Get Out was a superb film, in my opinion the best movie of 2017. And from a first-time director, Jordan Peele, previously best known for comedic skits about cunnilingus - I mean, it was just a total home-run. Get Out was a horror movie, and conformed to certain horror tropes. But what was so smart about it was that white people thought they were watching a regular old horror film about a family of weirdos who harvest brains. But the real horror of the film is that it was basically just depicting what it’s like to be a black person in America, the structural racism, the little snubs, the passive aggression, the way people single you out and treat you different. That was the true horror of the film, and it was hiding all along under the veneer of a more traditional scary movie.
Us is Peele’s sophomore film, another horror/social commentary that is a little harder to decipher than Get Out was. The themes and the imagery, and ultimately the message and even the ending of Us are more ambiguous and hard to parse. In fact, I am quite confident that Us is art because five different critics will watch it and all come away with different interpretations. The AV Club wondered if the film was about “our darkest impulses, our forgotten past selves, or some vague combination of the two?.” Vox concluded it was about the self-destruction of America. Slate decided it was impossible to figure out the film’s real message, and that was part of its charm, while others were just happy to speculate about delightfully insane theories that might explain why the film closes on an image of red-suited escaped mental patients forming a Hands Across America chain.

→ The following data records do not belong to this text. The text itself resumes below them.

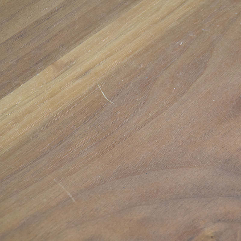 天板側面(短辺)縦に3cm程キズ・削れあり。天板上に複数細かい線キズ多数あり。
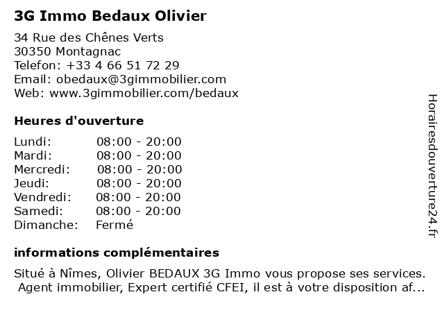 1 3G Immo Consultant (Distance: 0,01 km) 34 rue des chênes verts, 30350 Montagnac 3g, achats, agence, consultant, consultants, immo, immobilier, ventes 3 Snack Bar l'Olivier (Distance: 13,64 km) Snack Bar l Olivier, 30190 Saint Genies De Malgoires bar, cyril, olivier, panier, restaurants, snack 4 Pharmacie de l'Olivier (Distance: 16,69 km) 18 Route d'Alès, 30140 Bagard de, homéopathie, l', l'olivier, médicaments, olivier, orthopédie, parapharmacie, pharmacie 5 Olivier Valerie (Distance: 17,11 km) Batiment d, 30380 Saint Christol Les Ales olivier, restaurants, valerie 6 Mon Chasseur Immo - Elodie M. (Distance: 17,33 km) 123 Impasse de la Margeride, 30000 Nîmes chasseur, elodie, immo, m., mon |
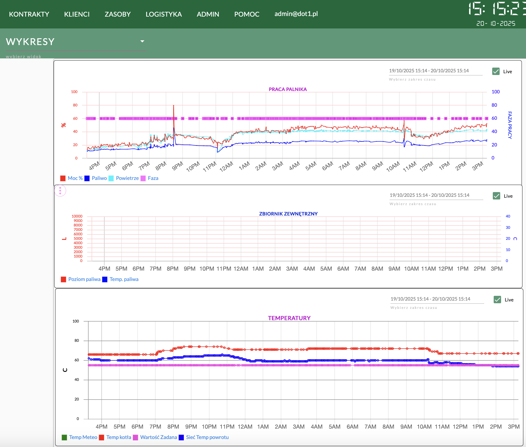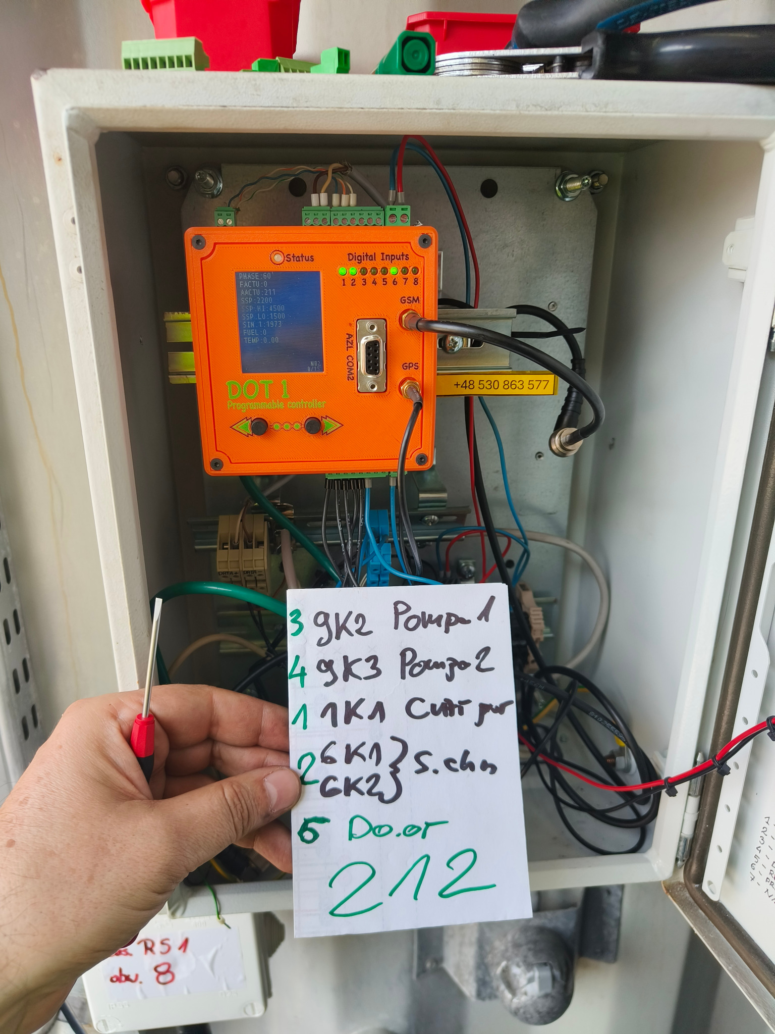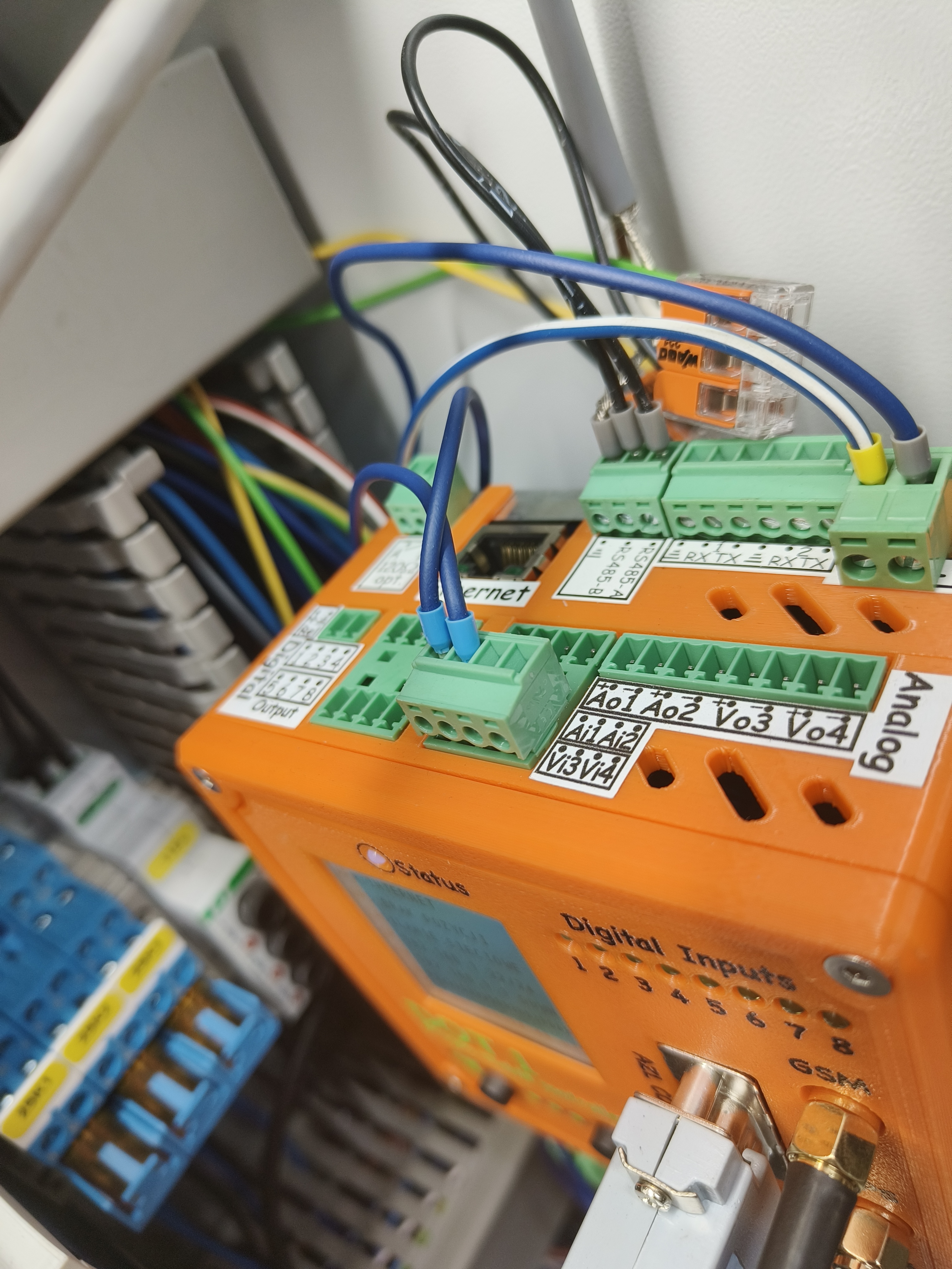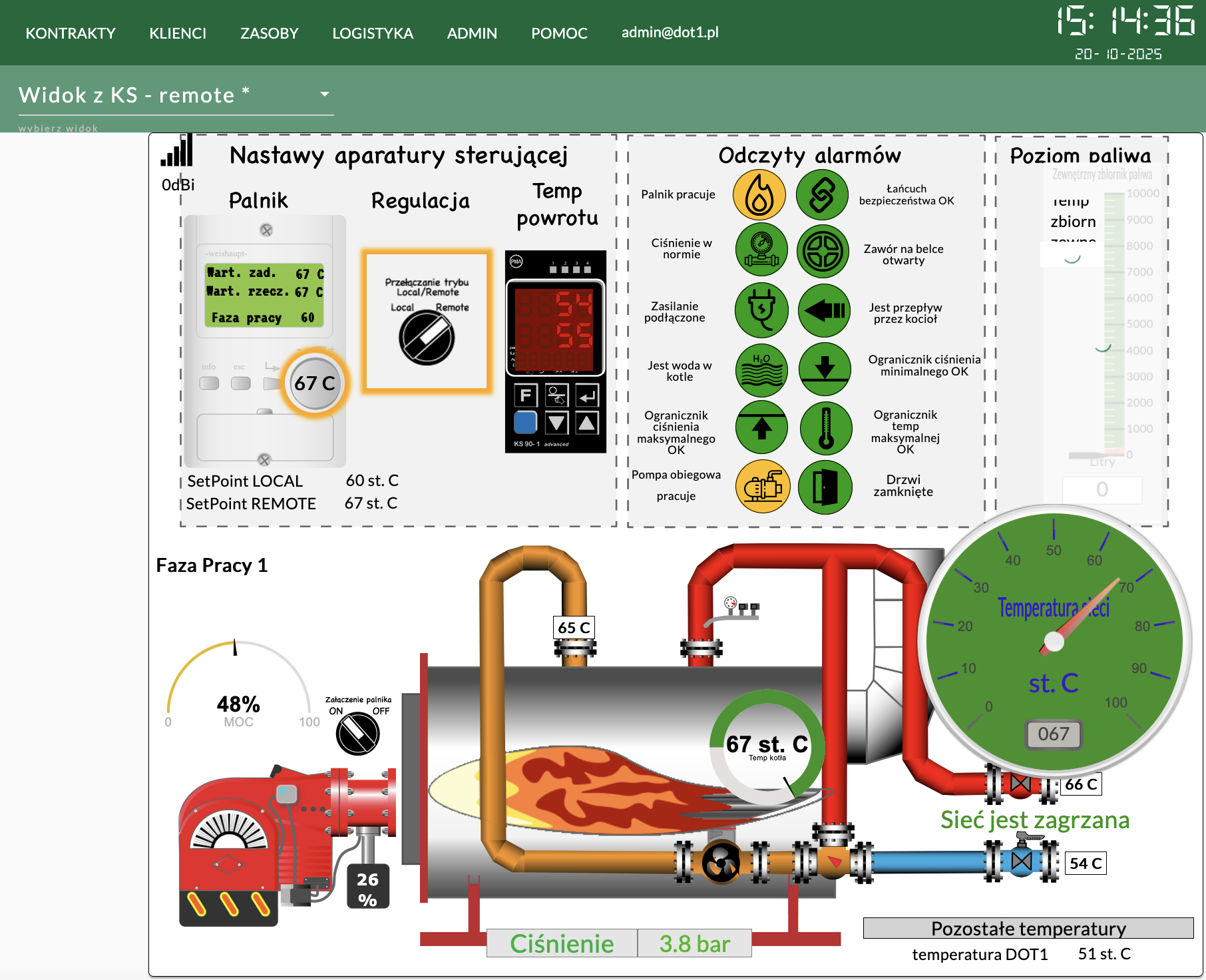 Instalacja z kotłowni wodnej 2,7 MWW trakcie instalacji w kotłowni 360 kWKotłownia parowa około 2 T/hParowa kotłownia kontenerowa – Weishaupt W-FM100 podłączony do RS232_1instalacja w osobnej skrzyncePrawie kompletne obsadzenie wyjść cyfrowych i temperaturpodłączony przetwornik ciśnienia 4-20mAPpodłączony W-FM100 poprzez złącze D-SUBDOT1 Slim dodany do kotłowni starszego typuMenadżer palnika W-FM100 podłączony zwykłą skrętką do RS232_1DOT1 podłączony do W-FM100 za pomocą D-SUBSzybka instalacja w kotłowni parowejDuże obsadzenie wejść cyfrowychPodłączone 4 RTDPrzetwornik ilości paliwa na ścianie Magazynu PaliwaWizualizacja widoku na żywo kotłowni wysokoparametrowej 2.7MW, przy pracy na gazie ziemnymHistogramy pracy kotłowni 2,7MW, praca na gazie, magazyn paliwa jest niepodłączonyWgląd w kody błędów palnika Weishaupt W-FM100/200

Myself, I think the film is about class moreso than race, as it features a literal underclass of servants, chained to their above ground masters by some unseen link, and compelled to debase themselves for no apparent reason, while the masters enjoy the light, oblivious to the plight of those beneath them - until they rise up. I think that works pretty well as an allegory for American society. It also introduces that classic theme of Russian literature: doppelgangers. Specifically, doppelgangers that want to kill you.
So, you can watch this movie and take-away a number of interesting insights. I did not think that the Doubles had to be explained in as much detail as the film goes into; it would have worked better if that had just been left vague and mysterious. By trying to conquer it with logic, the screenplay kind of exposed the fact that it doesn’t really make sense. Sometimes an explanation is warranted; but sometimes it just creates more problems for the story.
In any event, that is a minor quibble as once again Peele takes these themes - whatever they are - and wraps them up in a very entertaining and well-made horror flick about murderous doppelgangers taking over Santa Cruz. It’s at turns funny, suspenseful, scary and like Get Out features several indelible images (like the family of Doubles silhouetted in the night standing outside the house) that are likely to stick with you. The acting is all-around great, and the film is a pleasure to watch from beginning to end. It doesn’t quite live up to Get Out - but that is an almost impossibly high bar. The fact that the main criticism of this film is that Peele didn’t quite exceed the very high bar he set for himself with his first film is a testament to what a talented filmmaker he is.
I’m looking forward to his next project.